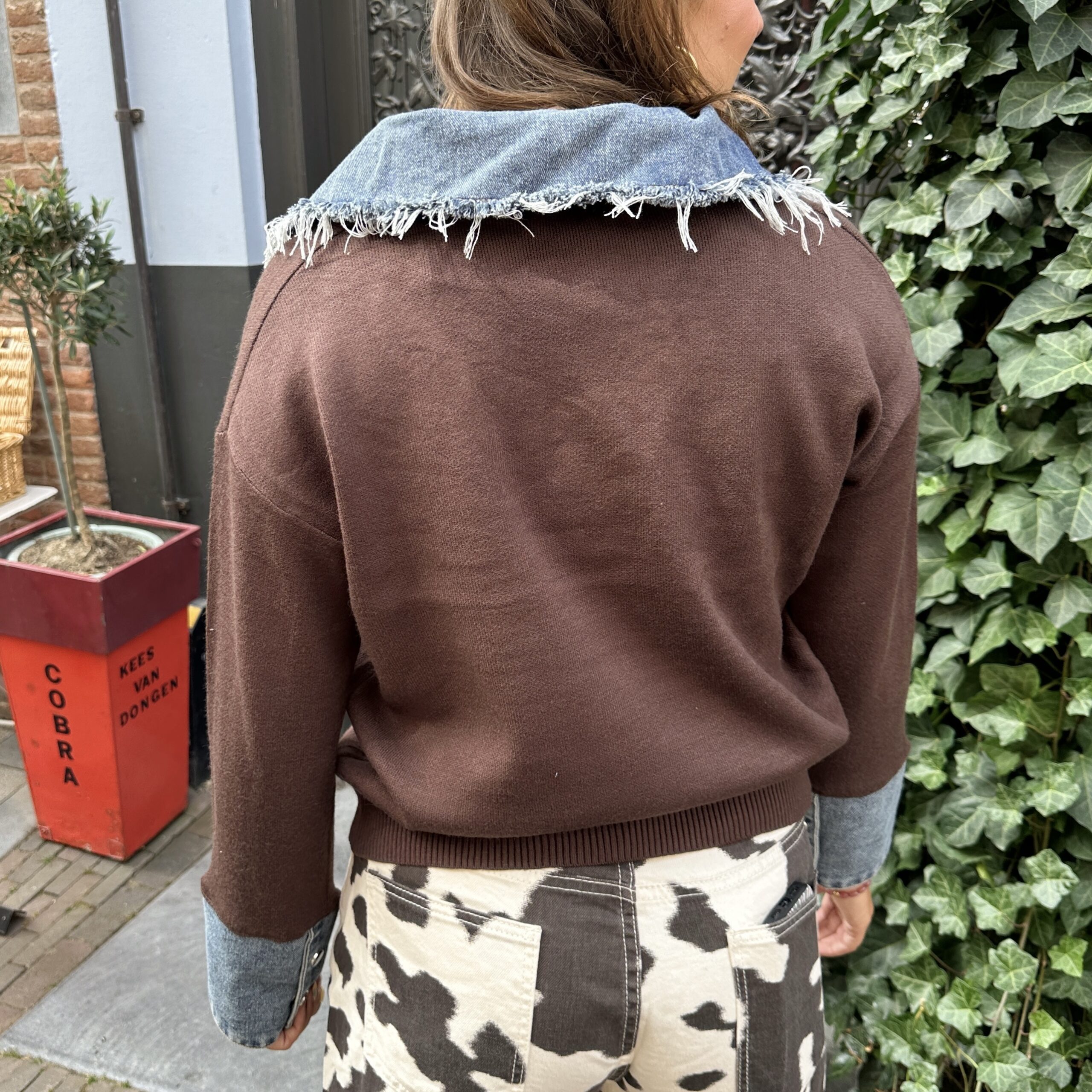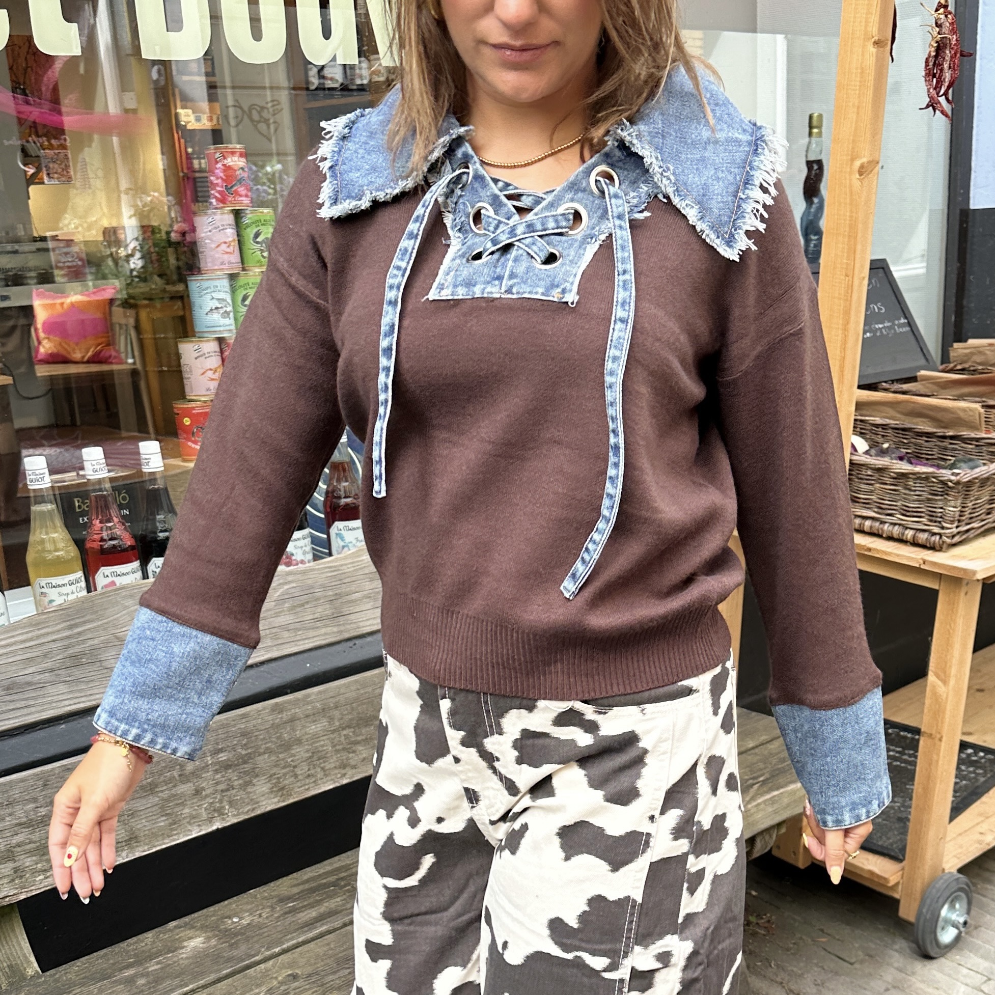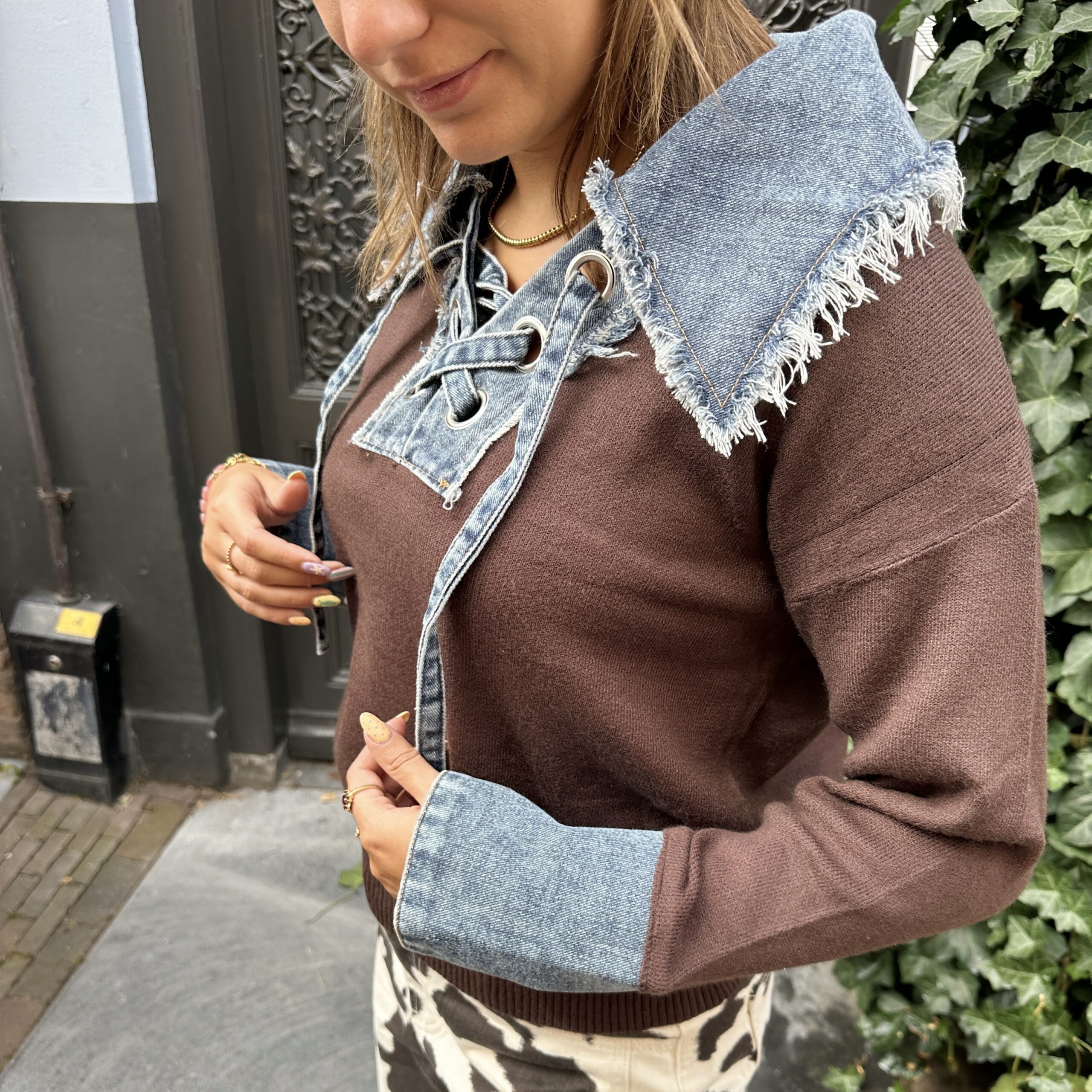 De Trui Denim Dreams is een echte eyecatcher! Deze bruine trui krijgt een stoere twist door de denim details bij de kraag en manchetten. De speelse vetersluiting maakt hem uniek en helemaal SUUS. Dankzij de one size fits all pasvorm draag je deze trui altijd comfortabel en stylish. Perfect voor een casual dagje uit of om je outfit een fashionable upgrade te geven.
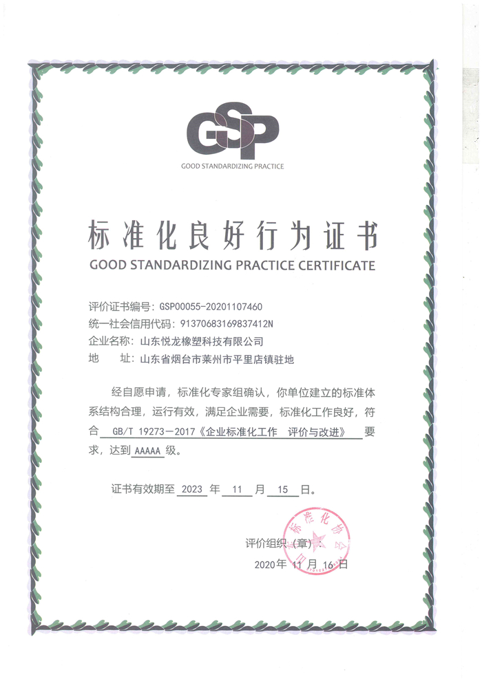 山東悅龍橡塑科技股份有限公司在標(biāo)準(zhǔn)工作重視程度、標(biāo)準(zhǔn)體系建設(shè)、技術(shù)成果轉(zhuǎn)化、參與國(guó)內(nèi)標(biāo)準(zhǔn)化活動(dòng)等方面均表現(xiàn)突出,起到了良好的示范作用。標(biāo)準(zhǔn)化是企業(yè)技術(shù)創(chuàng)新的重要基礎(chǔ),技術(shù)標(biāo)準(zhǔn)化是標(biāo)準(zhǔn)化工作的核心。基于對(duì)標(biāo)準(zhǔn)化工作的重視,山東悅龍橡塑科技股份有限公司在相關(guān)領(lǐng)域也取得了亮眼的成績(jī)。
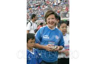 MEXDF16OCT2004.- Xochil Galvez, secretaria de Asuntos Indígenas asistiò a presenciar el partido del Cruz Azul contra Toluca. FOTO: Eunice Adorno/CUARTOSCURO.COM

• Action item: Return the listing verbatim; pictures are not part of the copy.

• Reply:
 De Trui Denim Dreams is een echte eyecatcher! Deze bruine trui krijgt een stoere twist door de denim details bij de kraag en manchetten. De speelse vetersluiting maakt hem uniek en helemaal SUUS. Dankzij de one size fits all pasvorm draag je deze trui altijd comfortabel en stylish. Perfect voor een casual dagje uit of om je outfit een fashionable upgrade te geven.
 山東悅龍橡塑科技股份有限公司在標(biāo)準(zhǔn)工作重視程度、標(biāo)準(zhǔn)體系建設(shè)、技術(shù)成果轉(zhuǎn)化、參與國(guó)內(nèi)標(biāo)準(zhǔn)化活動(dòng)等方面均表現(xiàn)突出,起到了良好的示范作用。標(biāo)準(zhǔn)化是企業(yè)技術(shù)創(chuàng)新的重要基礎(chǔ),技術(shù)標(biāo)準(zhǔn)化是標(biāo)準(zhǔn)化工作的核心。基于對(duì)標(biāo)準(zhǔn)化工作的重視,山東悅龍橡塑科技股份有限公司在相關(guān)領(lǐng)域也取得了亮眼的成績(jī)。
 MEXDF16OCT2004.- Xochil Galvez, secretaria de Asuntos Indígenas asistiò a presenciar el partido del Cruz Azul contra Toluca. FOTO: Eunice Adorno/CUARTOSCURO.COM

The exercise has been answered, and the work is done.